While many cried "sportswashing" as Russia hosted the Olympics and World Cup last decade, the sports world did not collectively respond to the country's various evils until this week, when Russia's invasion of Ukraine presented a tipping point that undid years of efforts to "sportswash" its image.

Two weeks ago, Vladimir Putin’s Russia was an indisputable sports superpower. The country had hosted the most recent FIFA Men’s World Cup, and St. Petersburg’s Gazprom Arena was scheduled to host what would likely be the planet’s most-watched football game of the year, the UEFA Champions League Final.

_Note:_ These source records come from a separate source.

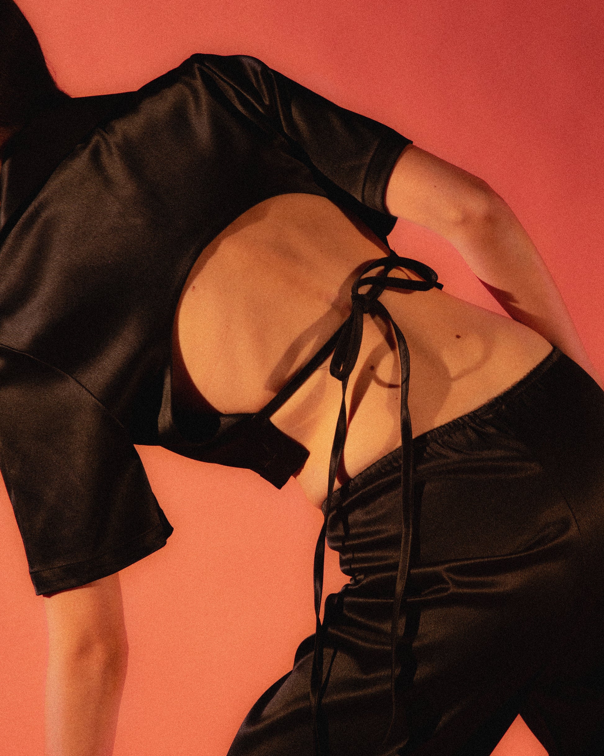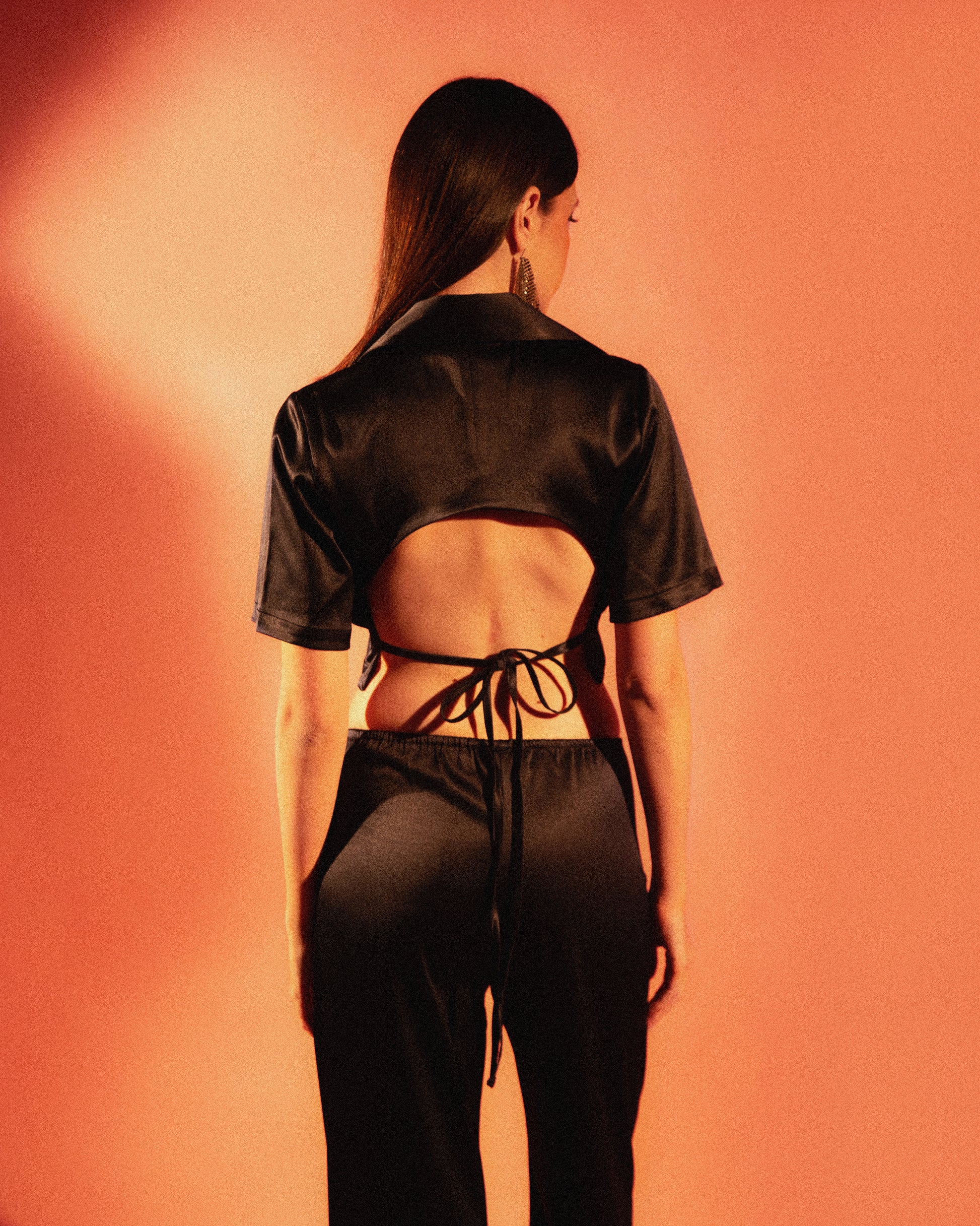 The Satin Backless Camp Shirt pairs a clean button-down front with an open back, finished with delicate adjustable ties for a custom fit. Crafted from a glossy, fluid satin, it offers a balance of structure and softness. Designed to sit cropped at the waist, it styles effortlessly with wide-leg pants, denim, or evening trousers.
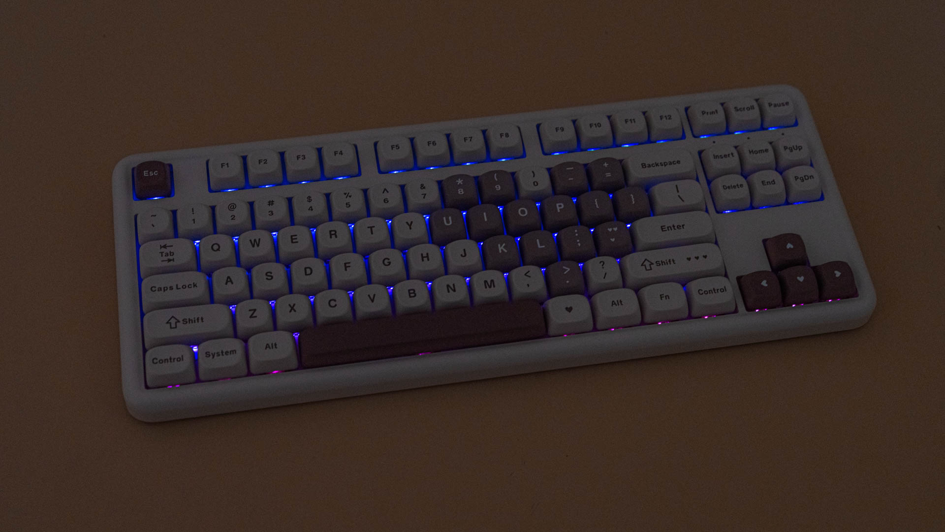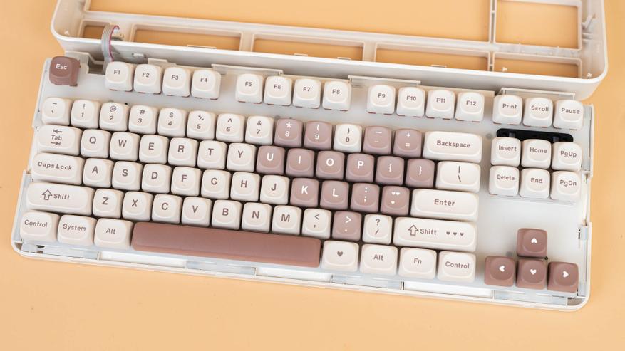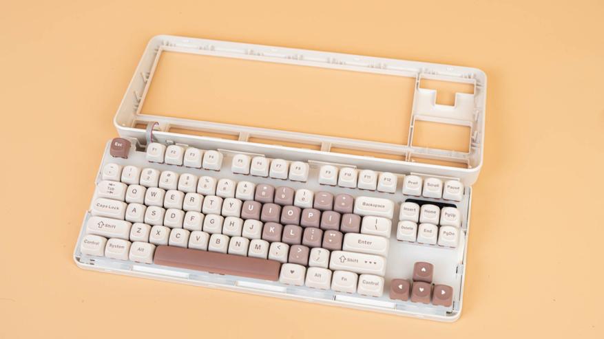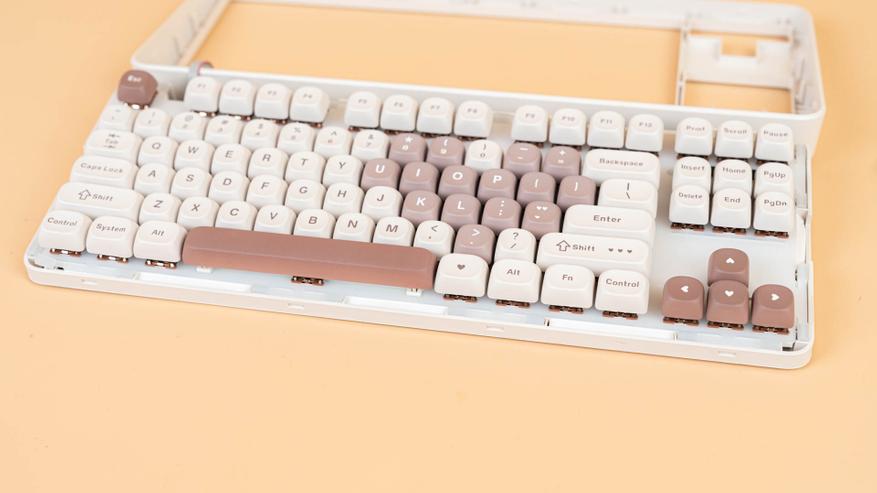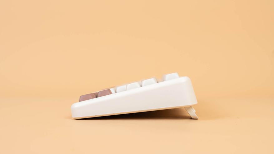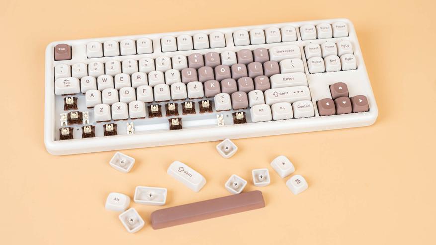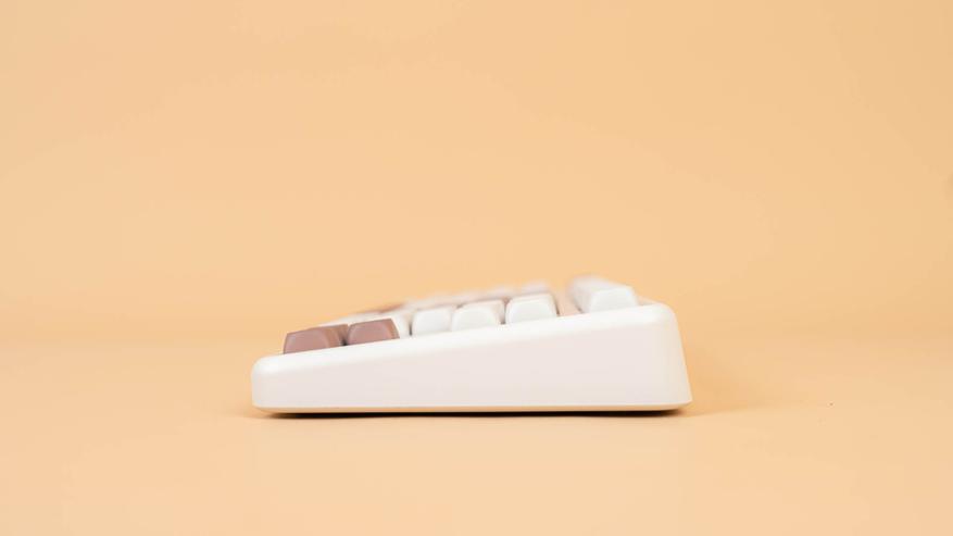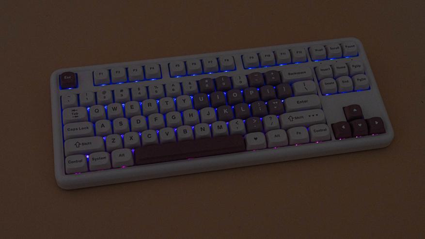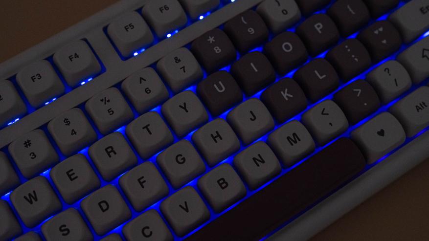 Клавиатура B87 имеет раскладку ANSI. Колпачки сделаны из прочного PBT-пластика с символами, нанесенными методом сублимации. Клавиши имеют профиль MOA, который задает их форму и высоту. К слову, под клавишей пробел присутствует шумопоглощающий материал, а в самой клавиши его нет.
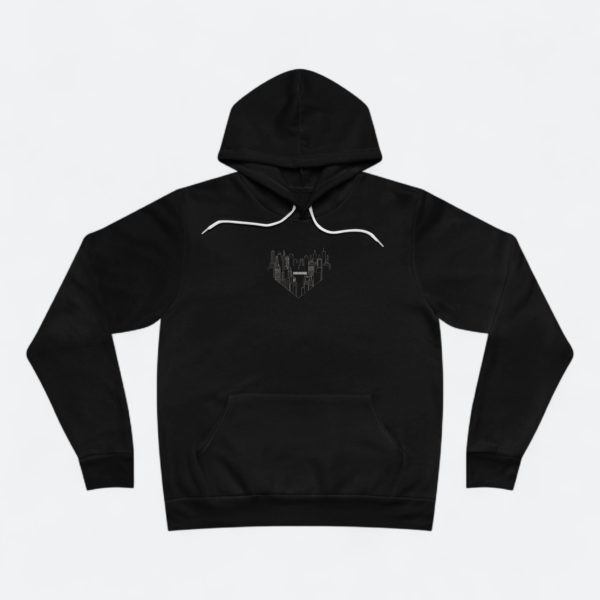 This is the city stripped down to its rhythm. Fine-line architectural details trace a familiar skyline, unified into a single heart. It’s a quiet, geometric tribute to the places that move us—sharp enough for a gallery, soft enough for a night in.
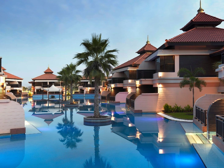 находится на искусственном архипелаге островов World Islands, воспроизводящих карту мира. Курорт расположен на «континенте Южной Америки» с богатейшей флорой: 4000 видов растений, в том числе тысяча кокосовых пальм и целая популяция павлинов. Это единственный отель в Дубае, где вам могут устроить трапезу на плавучем шатре с гамаками . Но это лишь одно из гастрономических предложений в рамках новой концепции Dining By Design. Можно, например, заказать «плавучий» завтрак и в вашем личном бассейне (курорт состоит от 70 утопающих в пышных садах вилл), ужин при свечах с блюдами любой кухни мира на берегу Персидского Залива или пикник в тени кокосовой пальмы. Еще одно незабываемое развлечение — кинотеатр под звездами в отдаленном уголке острова, скрытом от огней заведений и небоскребов. Гости возлежат на удобнейших креслах-мешках, им сервируют легкие закуски, попкорн и напитки. Действующее до конца октября спецпредложение Family Island Escape включает скидку на размещение, водные развлечения, (в том числе катание на надувном банане и ватрушках), доступ к детскому клубу, а также сертификат на 55 долларов в спа-центр отеля (при бронировании через сайт). Приезжающие со взрослыми дети проживают и питаются бесплатно. При раннем бронировании, а также проживании от трех ночей также предоставляются скидки. anantara.com
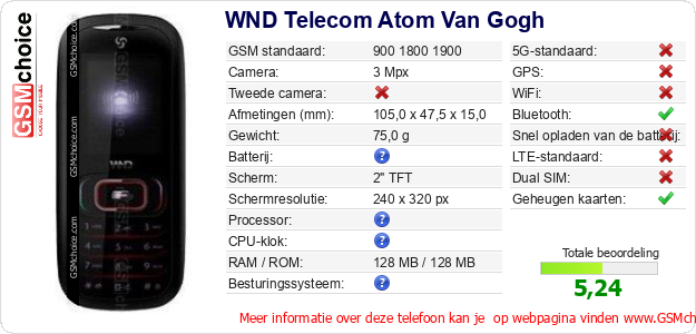 Gegevens van de telefoon WND Telecom Atom Van Gogh op jouw webpagina
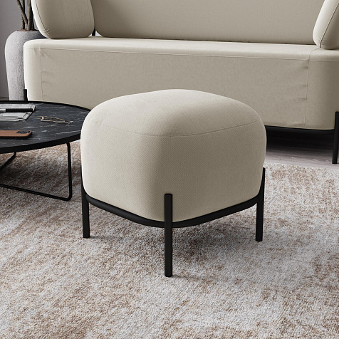 Пуф «Луффи» станет лаконичным украшением спальни или прихожей. Округлая форма сиденья дополнена тонким металлическим каркасом на высоких опорах, что наполнит комнату уютом и визуально облегчит интерьер. Пуф можно использовать в качестве дополнения к дивану или креслу из одноименной коллекции.
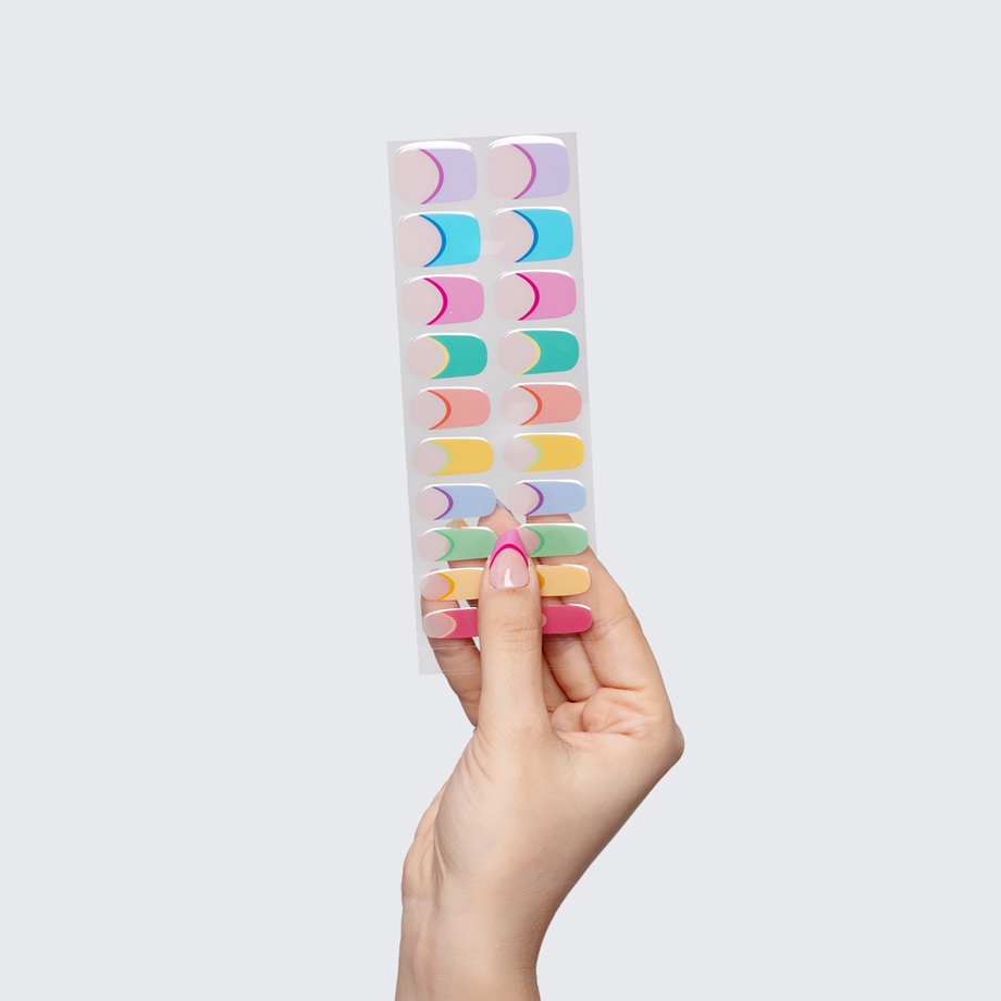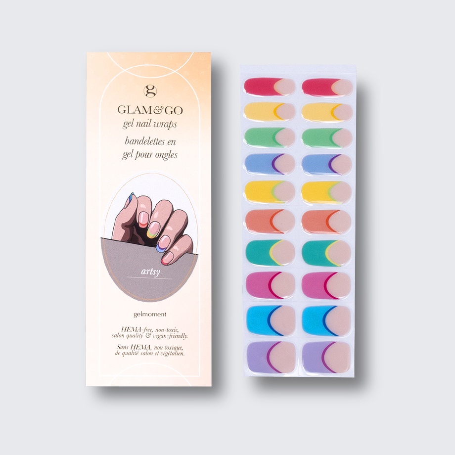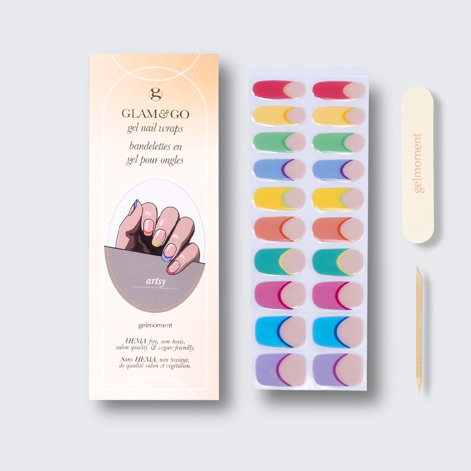 Our GLAM & GO gel nail wraps ensure that no matter how complex your chosen nail design, the application process remains incredibly simple. Our GLAM & GO gel nail wraps require no glue, base coat, or top coat—just peel them off the packaging, apply them to your nail, trim to size, cure twice, and voilà!

Gazprom, the Russian energy behemoth, was European football’s biggest sponsor, its corporate logo emblazoned not only all over broadcasts of the Champions League, but also on the jerseys of Germany’s FC Schalke 04 club. In London – or “Londongrad,” as it is often described when discussing the level of Russian oligarch investment in the city – the Premier League’s Chelsea FC, owned by Russian tycoon Roman Abramovich, was the world’s defending club champion and boasted a worldwide following. Up in Manchester, Aeroflot was one of Manchester United FC’s lead sponsors, and viewers tuning in to matches at their Old Trafford stadium from around the world in recent months would have seen the digital billboards ringing the pitch proclaiming that the Russian airline would reconnect the world as it emerged from the coronavirus pandemic.

And that’s not all. Russia had also become a proud Formula 1 venue, with the Russian Grand Prix held in the Black Sea resort of Sochi, home of the 2014 Winter Olympics. And for that same highbrow sports-watching demographic, the country has been a seemingly inexhaustible factory of tennis talent, producing top players such as current world No. 1 Daniil Medvedev.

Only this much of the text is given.